I understand completely what you are trying to do, I understand your disposition, I understand you have lost your faith, that feeling that you once so wildly and insanely treasured. Now that you've opted to let it go, I understand that you appreciate and welcome the release and the strength that you've suddenly acquired now that you've broken free. And I understand how it is wonderful to be finally let loose again.
But what he doesn't understand, ultimately, it that it isn't about him, or his happiness. Because at the end of the day, he'll be happier than she is, in the beginning. But whether or not this beginning will outlast what is to come, well, you're smart enough to envisage what is to come. So haven't you gave thought about
the right thing to do? You've spoken to me about this, many months ago, and you had your principles. Your words and your zest for
what you believed was important was what had drawn me to treasure the friendship that we shared and admire your for your attributes even thought I detested those that I deemed were irrevocable faults.

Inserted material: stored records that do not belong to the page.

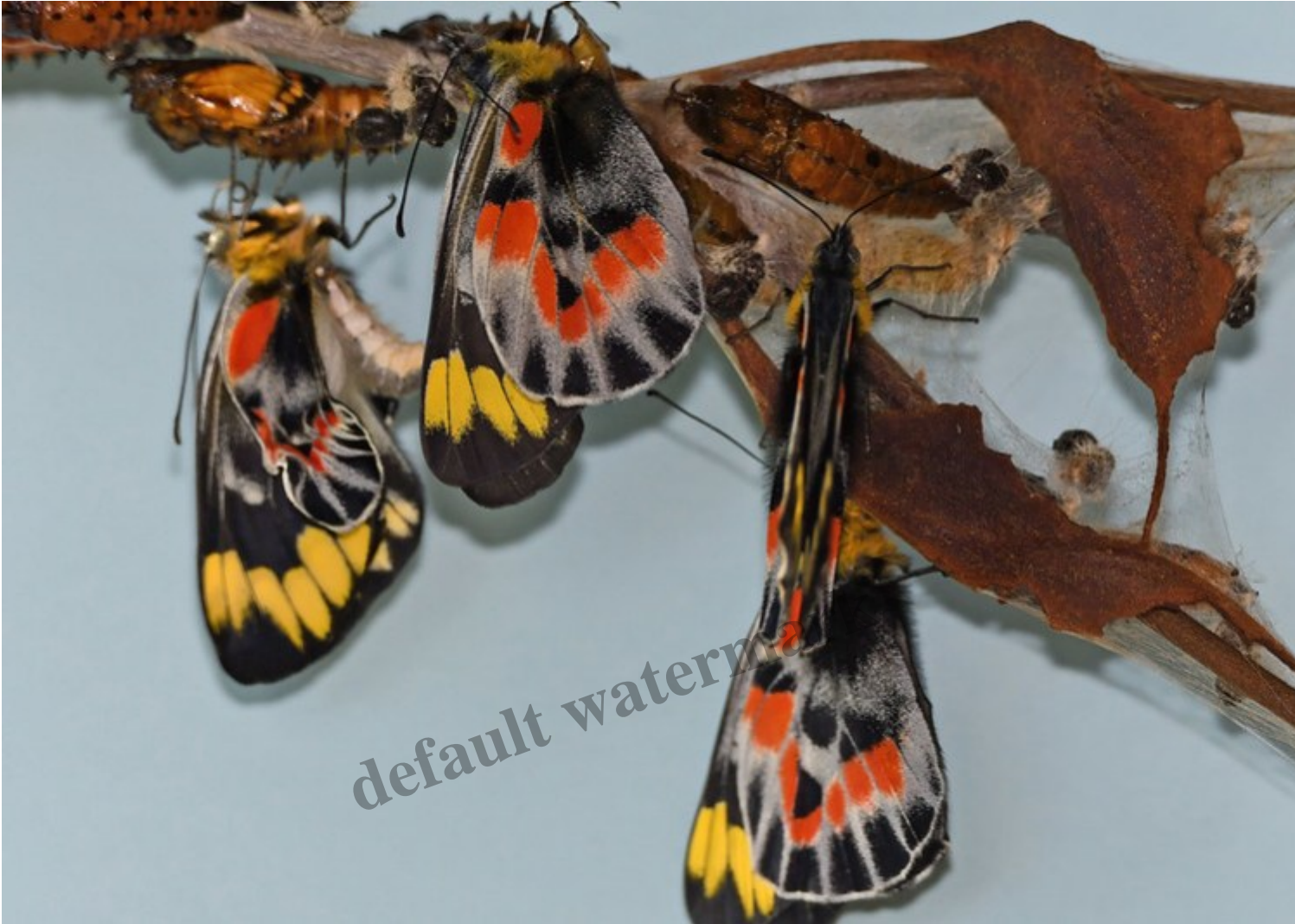
Imperial Jezebel Butterfly – Delias harpalyce – recently hatched
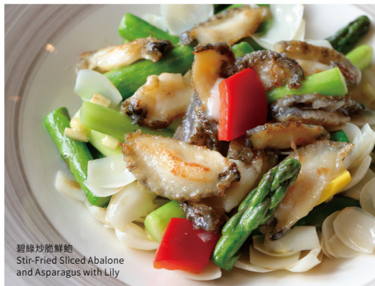
碧綠炒脆鮮鮑 Stir-Fried Sliced Abalone and Asparagus with Lily
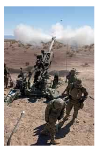
New Delhi, India -- Two of the world's most powerful howitzers will dominate the BAE Systems' presence at DefExpo in Delhi starting Feb 15th.

The BAE Systems FH77 B05 towed howitzer, and M777, the ultra light howitzer, will both be part of BAE Systems' biggest ever presence at DefExpo.
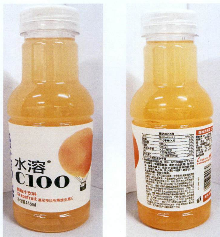
Figure 3. Unregistered C100 Grapefruit Drink PET Bottle (In Foreign Language)
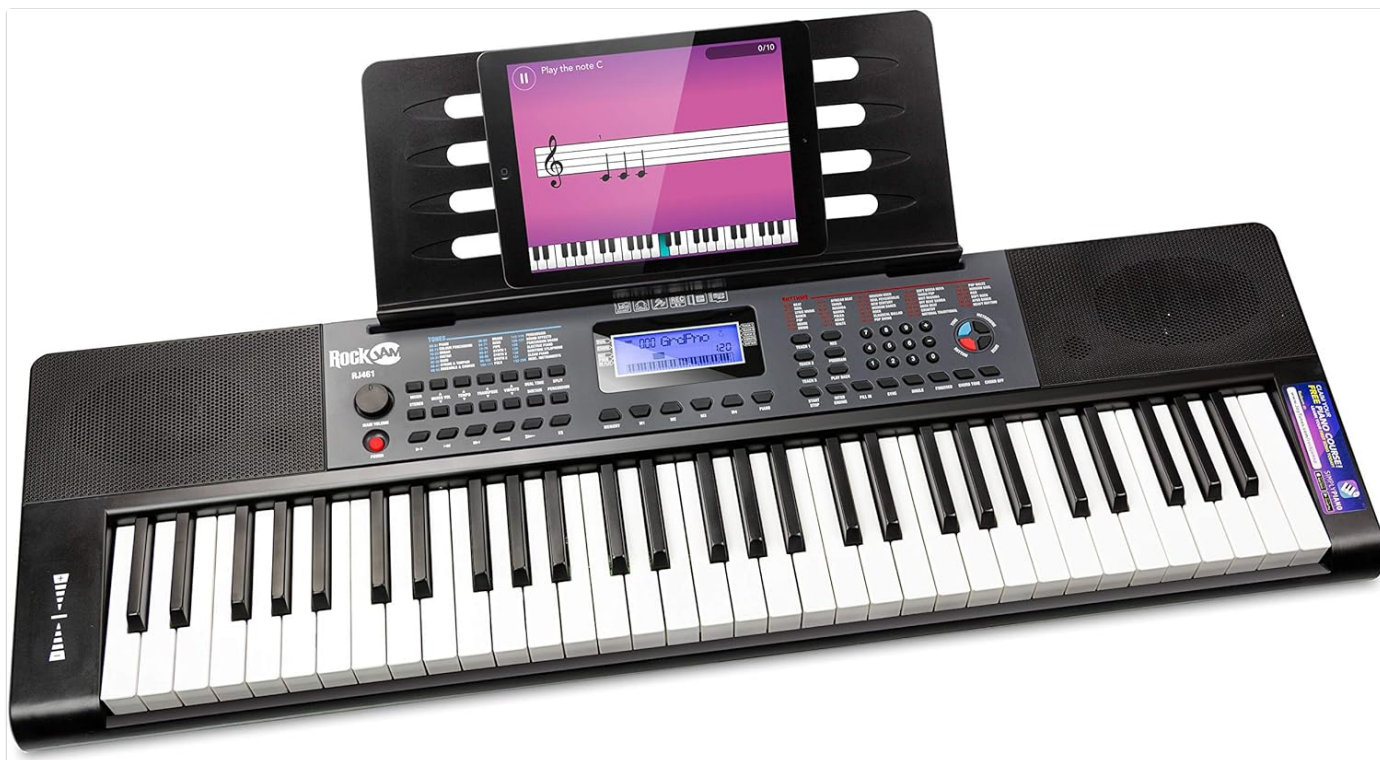
Figure 1: The RockJam 61 Key Keyboard Piano with an attached music stand and a tablet displaying learning software.

Unlock your musical potential with the RockJam 461 Keyboard Piano, a versatile and portable keyboard designed for both beginners and experienced players. This electric piano features 61 full-size keys, offering the feel of a traditional piano in a compact, portable design. With built-in learning modes, access to Simply Piano content, and included keynote stickers, this digital piano is perfect for kids and adults alike. The RockJam 461 also boasts a variety of sound effects, rhythms, and pre-recorded songs to enhance your music experience, making it an ideal choice for any aspiring musician.
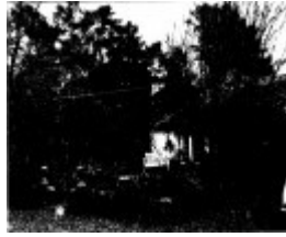
268 - Sweeneys Cottage Eltham 11 - Shire of Eltham Heritage Study 1992
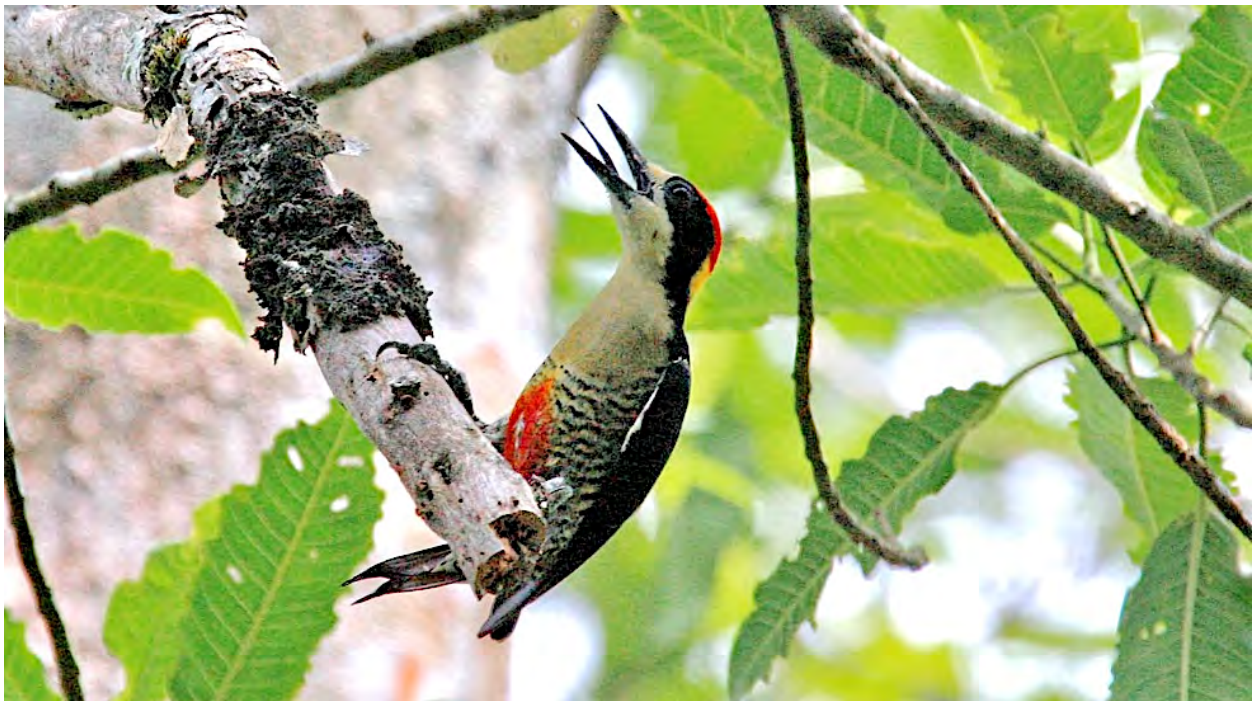
The aptly-named Beautiful Woodpecker is a species we'll watch for at El Palacio de los Frijoles.

Day 8, Sat, 4 Jul. To San Pedro de los Milagros. We will plan on departing Las Tangaras after breakfast, with some birding stops and lunch, and depart in the afternoon for San Pedro de los Milagros. We will either stay in the city center or below the town, closer to Medellín (about 45 minutes away). We will arrive in the late afternoon and get settled into our hotel for the night. Night in San Pedro de los Milagros.

Now you're destroying my respect for you.
Is that instant feel of relief and destress reasonably more precious than what will come if you choose to be more civil and humane about the thing that you have done?
Only a month or two, that's what she begs of you. Don't give her too much, but give her what you can. No empty promises, and keep it short and sweet. After all, we all knew it was never going to work, neither did she ever see a happy-ever-after fairy-tale ending. It's impossible, and unrealistic... we all told you.
Many times have you expressed your wish to be powerful. You now hold that power to determine several people's happiness, include that happiness which is most precious... that one that belongs to yourself. So won't you choose to use that power wisely, for once, and prove that you are indeed mature beyond your years?